Is it possible to work flexible office hours, and still achieve not only your own career goals but also the productivity outcomes of the company you work for?
This thought-provoking and extremely topical question was one that The Outperformer recently asked Emma Beard. Emma is the Enterprise Services Director for Lion, a $5.6 billion food and beverage company best known for beers brands such as Thooeys, Hahn and James Boags.
Emma’s career with Lion spans 17 years, during which time she’s been Finance Director of Heineken Lion and, later, Fine Wine Partners as well as Risk Assurance Director and Commercial Manager for National Sales. So it might surprise you to learn that for most of her time with the company, she has worked in a part-time, or flexible arrangement.

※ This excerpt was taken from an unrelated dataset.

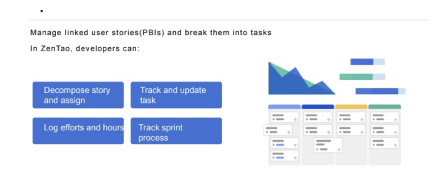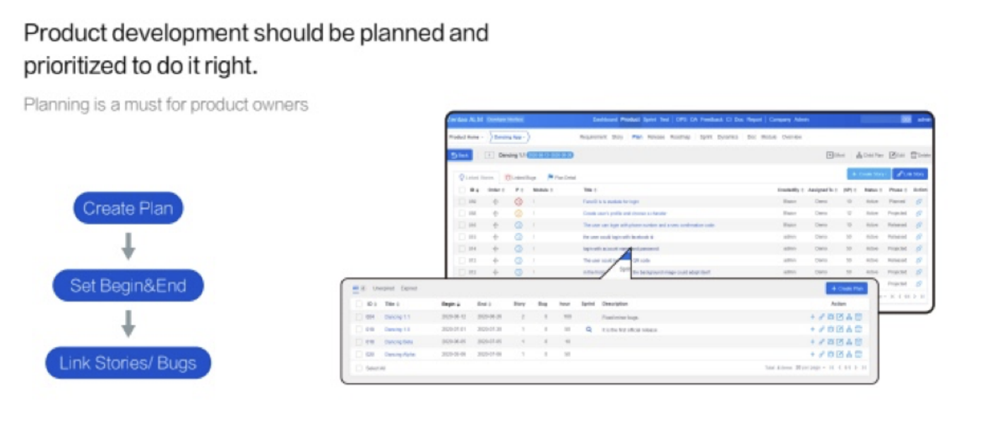 Plan and track your work : Scrum, Kanban, LeSS, SAfe, blended approach, ZenTao allows agile teams to plan their sprints and activities, track their project progress, make necessary adjustments, collaborate on documents with a modern and easy-to-use interface

During her frank and eye-opening interview, Emma told us how she’s been able to build her highly successful career with a leading employer, while still enjoying the flexibility she needed to raise her family. Some of the areas she covered included:
Emma gave us some great advice, and it’s clear that she has made her decision to work on a flexible basis really work for her, ensuring she has the right work-life balance. This ultimately makes her a happier, more engaged and more productive employee.
But can it work for everyone?
Emma believes there are three foundational elements that can be leveraged for a successful career:
Enjoyment translates into results. “If you’re enjoying your job, you’re engaged in your work, and engaged people drive great outcomes,” says Emma. “If you’re not enjoying what you’re doing now, what would it take to reframe it? Can you reshape your goals? Could you flip something around so that you stay in your role, but start enjoying what it is you’re doing?”
Emma acknowledges that change is hard, and making changes to your work environment takes courage, but it may well be what’s necessary to bring enjoyment back.
Emma believes keeping an open mind and taking some risks in your career – especially early on – is very important.
“During my 17 years with Lion, I’ve zigzagged around in a number of different roles - some of which, on paper, looked like I was taking a backward step,” she says. “But I made those moves to gain experience that I was missing. Don’t get too caught up in whom you report to. Gain a breadth of experience, and make sure you’re learning new things that will pay dividends down the track. Try to stay positive and find something to interest you in every position you hold.”
Emma is a firm believer in leveraging the power of the Internet to help you identify your strengths, and advises making use of one of the many free tools available online.
“Your strengths will change over the years, and that’s OK,” she says. “But you’ll have key core strengths that will stay with you. Tap into those, be aware of what’s engaging for you and what do you enjoy doing.”
Once you’ve examined these three key areas, you should have a better idea of what you want and how to achieve it. For many people, introducing flexibility into their work environment is a great way to start.
Emma emphasises the importance of recognising that workplace flexibility is a two-way street. It needs to work not only for you but for your company as well.
“When you approach your boss with the possibility of working flex, you need to come at it like it’s a business offering,” she advises. “You must be able to provide a solution. Articulate why it’s a good idea, and how it will work. And you have to be the one to set out what flexibility will look like for the company. There’s no point waiting for your boss to do it, because he doesn’t know what’s important to you.”
Emma acknowledges this can be a hard conversation to have, but it’s one that can be made a lot easier if you have a history with the company.
“By the time the situation arose for me, I had been working for Lion for seven years,” she says, “so I had a good relationship with my boss. I had credibility and trust around how I work and what I do.”
Emma is also very fortunate to work for a company that has a great culture. “Lion is very supportive of flexibility,” she says. “They are more focused on your achievements and outcomes, and not to so much on the “how” you get things done. If you can do your job in 6 hours a day, that’s great, as long as you’re delivering what you need to.”
Although numerous studies have been carried out that support the validity of embracing flexibility in the workplace, there are still companies, and individuals within companies, that perpetuate the stigma attached to working flex. So how do you tackle the “If you’re not visible, you’re not there,” mindset?
“This is what I call dinosaur thinking and it won’t last,” says Emma. “It’s just not how people are and it’s not how they work. Flexibility is great for so many reasons and it’s not always child-driven. Some people volunteer out of work, some are passionate about sport or other hobbies. There is just so much research available into how flexibility is really important to either retain great people or attract great people.
“If you’ve agreed with your employee on what they have to deliver each week or each day, it shouldn’t matter how they deliver that. If they can do it working from home one day a week, then that’s ok.”